When I was around 9 years old, a boy—who I went to school with for several years before and after—teased me about being a girl. I don’t remember what he said, precisely, but I recall he was attempting to gatekeep one of my (many) traditionally masculine interests. My response has stuck with me for two decades: “I’m not a girl.”
“Then what are you?” he sneered? “An it? Look,” he looked around at our peers and pointed at me. “That’s an it.”
The “It” moniker followed me for several years. Now that I’m older, I understand the real meaning behind that statement: that if I was not a cisgender girl, I was not a human. I was an object. I don’t hold anything against that classmate of mine. Twenty years ago, society was not as woke as it is now, and that kid was as clueless as I was, probably just parroting what he’d heard from adults. He was only nine or ten, after all, and I have no idea his stance on gender issues now, nor do I care.
The thing that nagged at me for many years later was, why did I respond that way? Why did I say I wasn’t a girl? Especially since, most of the time, I do feel like a proud Indigenous woman. A happy and confident mother. I wrote it off as internalized misogyny.
But other things over the years nagged at me as well. Alternating between a desire to dress masculine and feminine. Periods of body dysphoria I dismissed at times when the pendulum swung toward comfortable. And why, in my fiction writing, did I gravitate toward male protagonists? Was it just derivative, defaulting to the options presented to me as a young reader of young adult fantasy?
Those of you who know me probably know that I have been open about being bisexual and queer for… well, forever. I went through an awkward period in my late teens/early twenties where I wanted to eschew labels, but as long as I was old enough to be attracted to people, I have openly acknowledged an attraction to multiple genders. There was no “coming out” moment with most of my family. They’re intelligent, educated, and accepting people (and a few of them are openly in the LGBTQ+ community as well).
But I’m sure many other queer people could tell you that “coming out” is a repeated process with every new person you meet. When is the right time to share this info with a new acquaintance? Your work buddy? Your boss? Your in-laws? (Small note: I use the term “right” here to mean “right for the person,” not “right for society.” Fuck society. Queerness is not validated by your status as in or out, nor does society or etiquette dictate the “right” time to make that transition, if ever.)
So, most people in my life know that I am bisexual and have known I am bisexual for a long time. But it is time for a sort-of-second coming out, not because I was closeted, but because I was figuring things out. Now, rapidly approaching thirty years old (no, seriously, my birthday is this week), and thanks to a lot of interactions online, I have realized I am genderfluid and sometimes genderqueer.
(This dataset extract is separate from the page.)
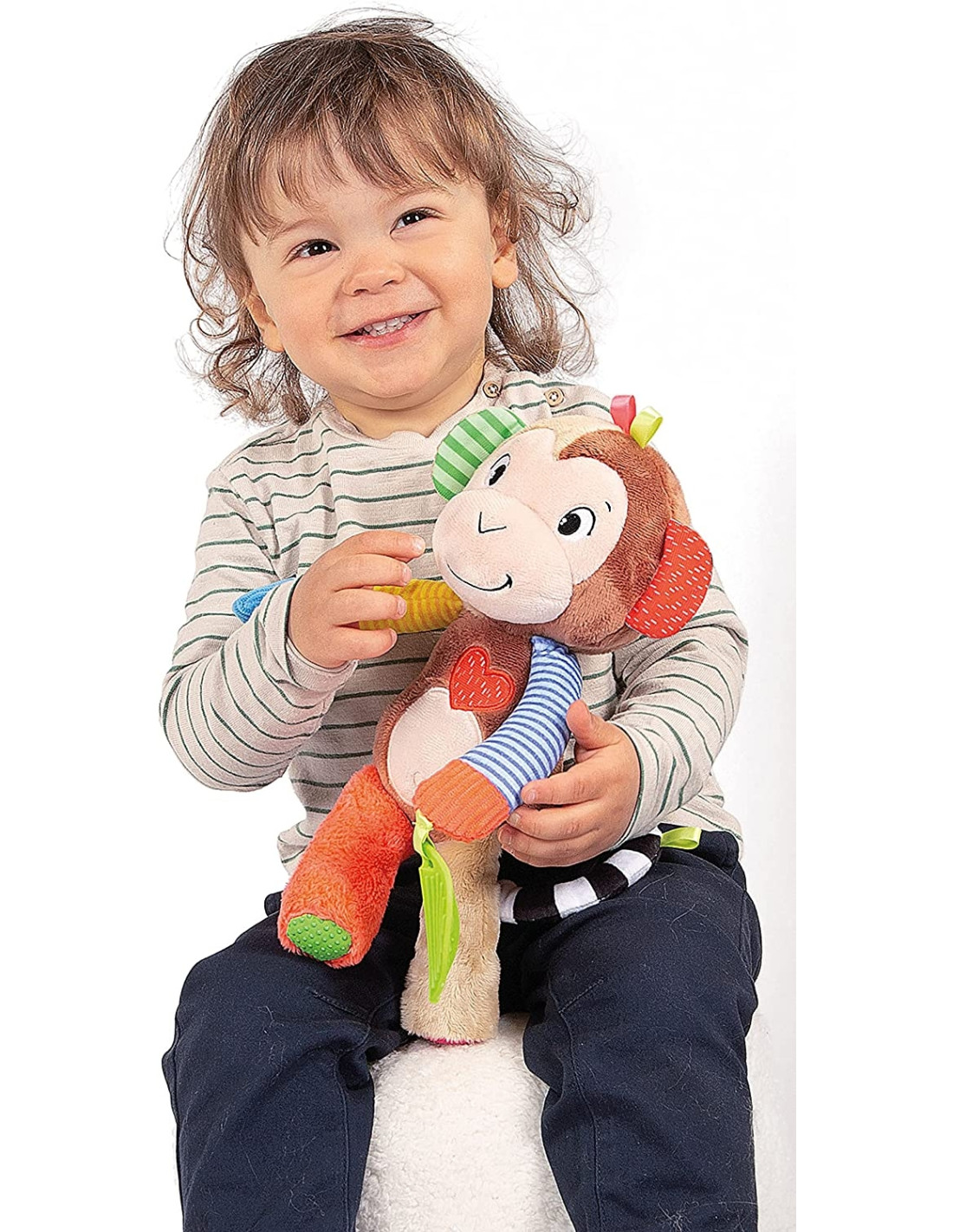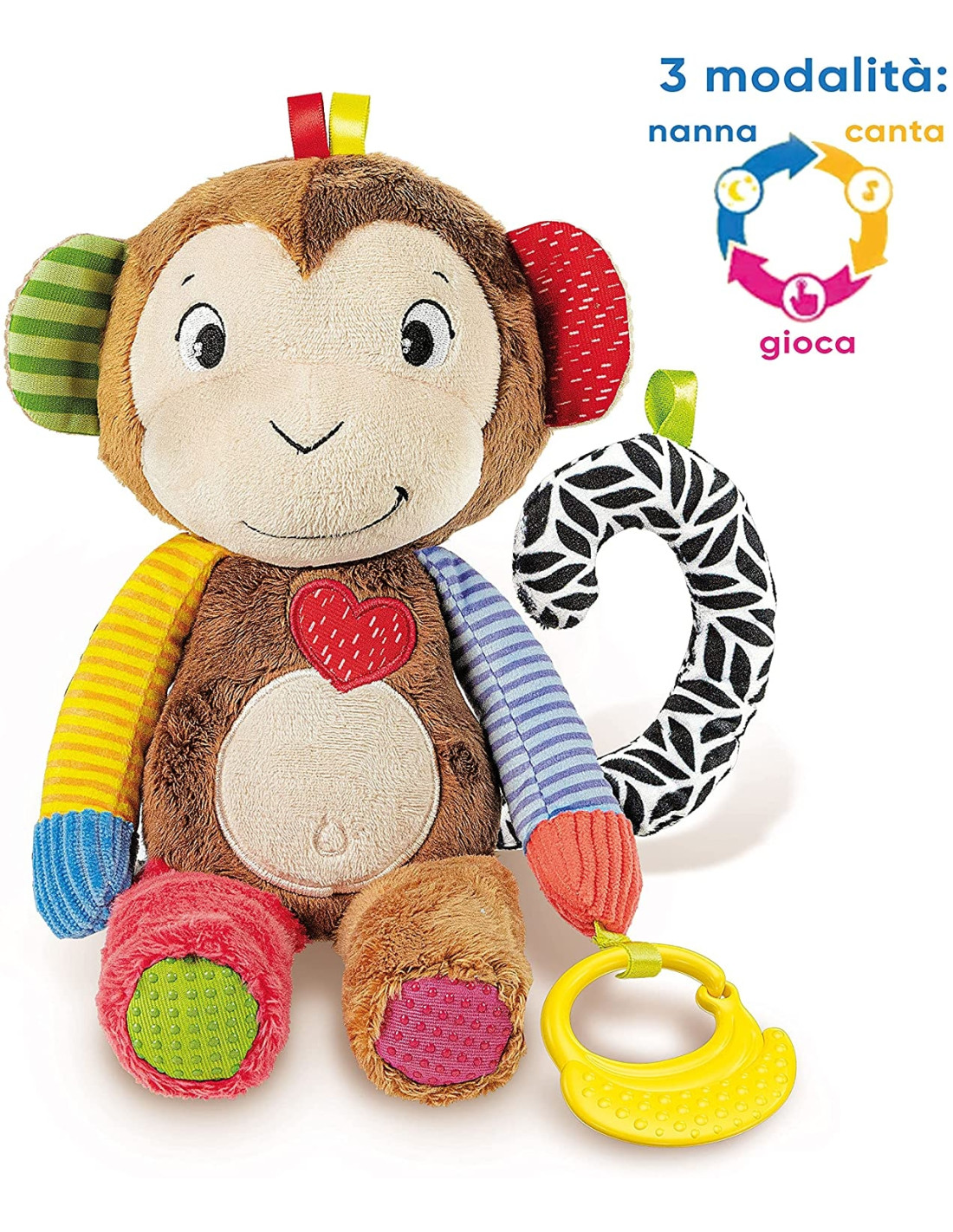 PARLANTE: la dolce scimmietta è un peluche con voce e melodie studiate per guidare i bambini alla scoperta del gioco, per divertire e per stimolare il linguaggio.
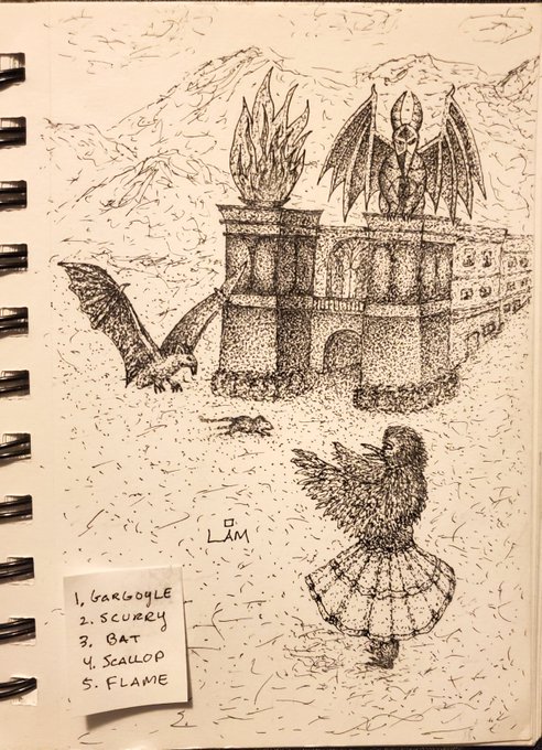 Second year doing Inktober, first on Twitter. Days 1-4: Gargoyle, Scurry, Bat, Scallop #Inktober #Inktober2022day1 #Inktober2022day2 #Inktober2022day3 #Inktober2022day4

This might be confusing or foreign to some of you who are cisgender, but the best way I can describe it is that sometimes I am a woman and other times, I am just… not. When I told my husband, I used some comical descriptions I saw on TikTok: sometimes I am Girl… sometimes Girl Lite… Girl+ …. and—my favorite—Girl you ordered from Wish (mostly girl, but something is a bit off).
As unsettling as this realization has been for me (and may be for you who have known me a long time), I find comfort in the knowledge that nothing about me has changed. All I am saying by coming out as genderfluid is, “Here is a label I feel fits a certain set of characteristics I already possess.” Characteristics I have always possessed. If someone close to you comes out, I think that’s important to remember. They’re the same person before and after.
This experience is my own and should not be taken to represent the experiences of any other genderfluid, genderqueer, bisexual, or other LGBTQ+ individuals. Best policy is to always ask the individual about their pronouns and labels, and to subsequently not be a dick by arguing with them about those pronouns or labels. Since some of you lovelies will likely ask, I am happy using she/her pronouns, but they/them or he/him don’t bother me in the slightest. The shirt pictured depicts the genderfluid flag and was created from a Lord of the Rings content creator @donmarshall72 on TikTok and comes in a variety of flag options, with 20% of profits during Pride Month going to The Trevor Project.